Pre-shabbat action
Make climate action a regular habit, and connect that action to your Jewish values and practices.
Pre-shabbat action of the week
Shabbat Shalom! Is anyone else feeling scattered these days? Between election news, the government shutdown, supercharged hurricanes, and our busy lives, no wonder our heads are spinning. Let’s take a moment to center ourselves in action before centering ourselves in the rest and reflection of Shabbat.
We have a new opportunity to resist the proposed Williams NESE pipeline! Our allies at New Yorkers for Clean Power and the Natural Resources Defense Council are challenging the NY Public Service Commission’s decision earlier this fall to approve National Grid’s plan, including the Williams and other proposed fossil fuel pipelines. Click here to send a letter in support of these petitions now - we can’t afford to be sinking more money into infrastructure that pollutes our air, threatens delicate ecosystems, and takes us farther away from a sustainable future!
Reminder: if you haven’t yet signed our Jewish community letter to Governor Hochul urging her to advance renewables in NYS, please do so here and share it with your networks!
Idea to Ponder:
Obligation. Calling. These are big words. They can be daunting. As we push forward doggedly in our climate work, how do we see ourselves and from where do we draw strength?
Torah tells us that Noah took on the major obligation of building an ark and populating it with life. But God literally closed the door of the Ark before bringing the flood. Noah gets that wind at his back.
Abraham (at that point still Abram), who we read about in this week’s parsha, heard a calling and entered into a covenant that became an obligation. God’s promise that he will become a great nation gave Abram a wind at his back.
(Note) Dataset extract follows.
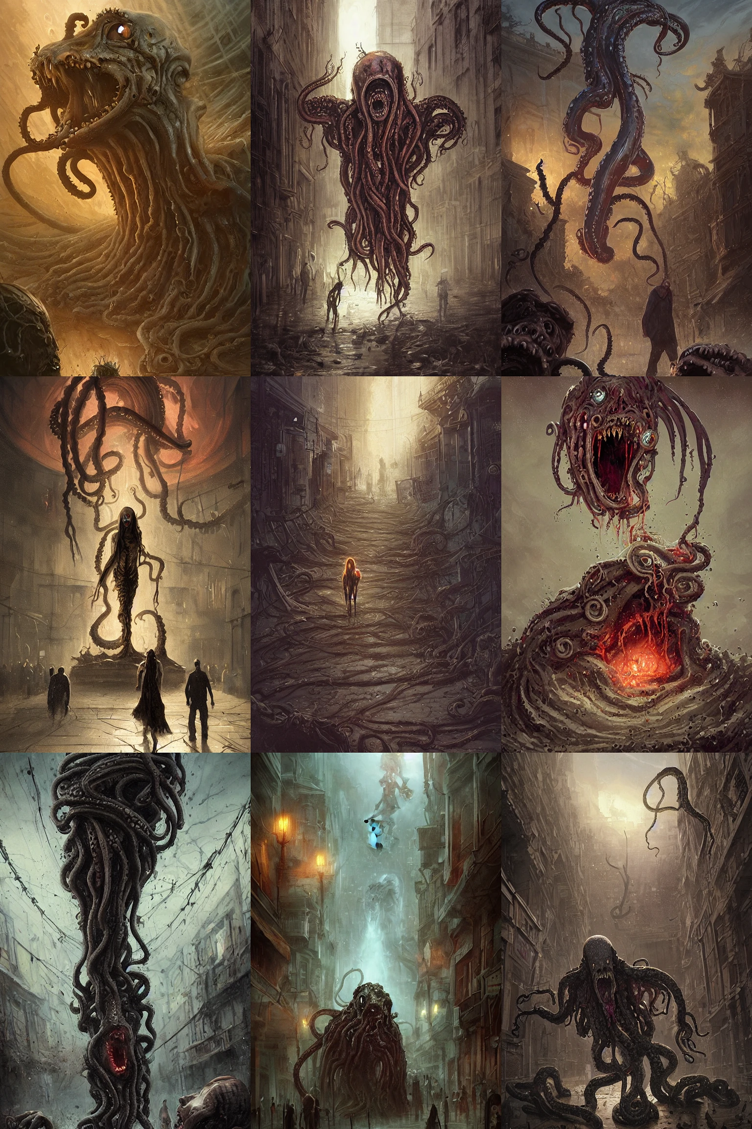 a horrible tentacle demon emerges from a corpse. people watching scream in agony and fear. a crowd flees. illustration. by greg rutkowski and kinkade, daytime, roadside, natural stone road, middle eastern style vendors, elegant, architecture, sharp focus, vibrant and vivid, smooth, cinematic, 4 k, trending on artstation, archviz, hyperrealistic, dof

And us? We are the ones alive today in this time of crisis and peril. We could see it as a burden we neither sought nor wanted. But here we are, making the phone calls, showing up at the rallies, organizing others to take action. Where’s the wind at our backs?
One answer might be both comforting and generative: purpose. We can easily feel deployed by the Holy One to protect creation. What bigger purpose could there be? Purpose makes room for joy and patience. It can temper the inevitable frustrations inherent in our work. Sinking down into our sense of purpose creates not just a wind at our backs, but wings to carry us.